ECLI:NL:RBMNE:2022:5065
Rechtbank Midden-Nederland
- Eerste aanleg - enkelvoudig
- Rechtspraak.nl
Beroep tegen niet tijdig beslissen door het Uwv op aanvraag herbeoordeling
In deze uitspraak van de Rechtbank Midden-Nederland, gedateerd 2 december 2022, wordt het beroep van eiseres behandeld dat zij op 15 september 2022 heeft ingesteld. Eiseres stelt dat het Uitvoeringsinstituut werknemersverzekeringen (Uwv) niet tijdig heeft beslist op haar aanvraag voor herbeoordeling, ingediend op 27 januari 2021. Volgens de wet moet het Uwv binnen acht weken na de aanvraag beslissen, wat betekent dat de beslissing uiterlijk op 25 maart 2021 had moeten plaatsvinden. Eiseres heeft het Uwv op 8 april 2021 in gebreke gesteld, maar tot op heden, op 3 oktober 2022, is er nog steeds geen besluit genomen door het Uwv.
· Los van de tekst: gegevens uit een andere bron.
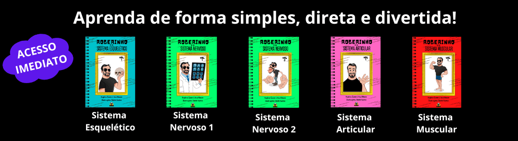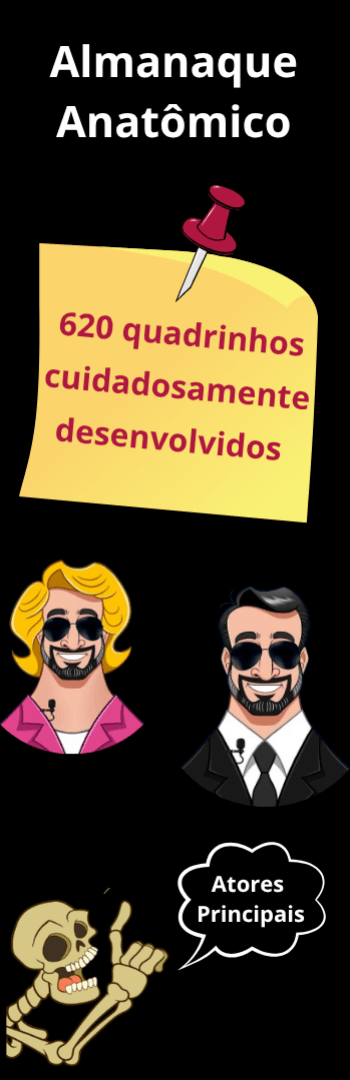 Banner lateral do produto. Segue a descrição do conteúdo: Nós do Anatomia Fácil transformamos os conteúdos dos principais livros de anatomia: sobotta, netter, moore, machado em desenhos.O Almanaque Anatômico Combo 1 reúne mais de 620 quadrinhos com todo conteúdo base que você precisa saber sobre os sistema ósseo, articular, muscular e nervoso. Além disso, em cada 1 dos 5 e-books lotados de conteúdos, você também encontra links com vídeo-aulas organizadas por conteúdo do canal Anatomia Fácil, que te ajudarão ainda mais a fixar o conteúdo.

De rechtbank oordeelt dat het Uwv alsnog een besluit moet nemen en stelt dat dit moet gebeuren binnen twee weken na verzending van de uitspraak, op basis van artikel 8:55d van de Algemene wet bestuursrecht (Awb). Tevens legt de rechtbank een dwangsom op van € 100,- per dag voor elke dag dat de beslistermijn wordt overschreden, met een maximum van € 15.000,-. De rechtbank wijst erop dat het Uwv al een maximale dwangsom van € 1.442,- heeft toegekend in een eerder besluit van 14 juni 2021.
Omdat het beroep gegrond is verklaard, moet het Uwv het door eiseres betaalde griffierecht van € 365,- vergoeden en ook de proceskosten van eiseres, die zijn vastgesteld op € 379,50. De rechtbank heeft besloten dat een zitting niet nodig is, omdat dit volgens de Awb in deze zaak niet vereist is. De uitspraak is openbaar gedaan en een afschrift is verzonden aan de betrokken partijen.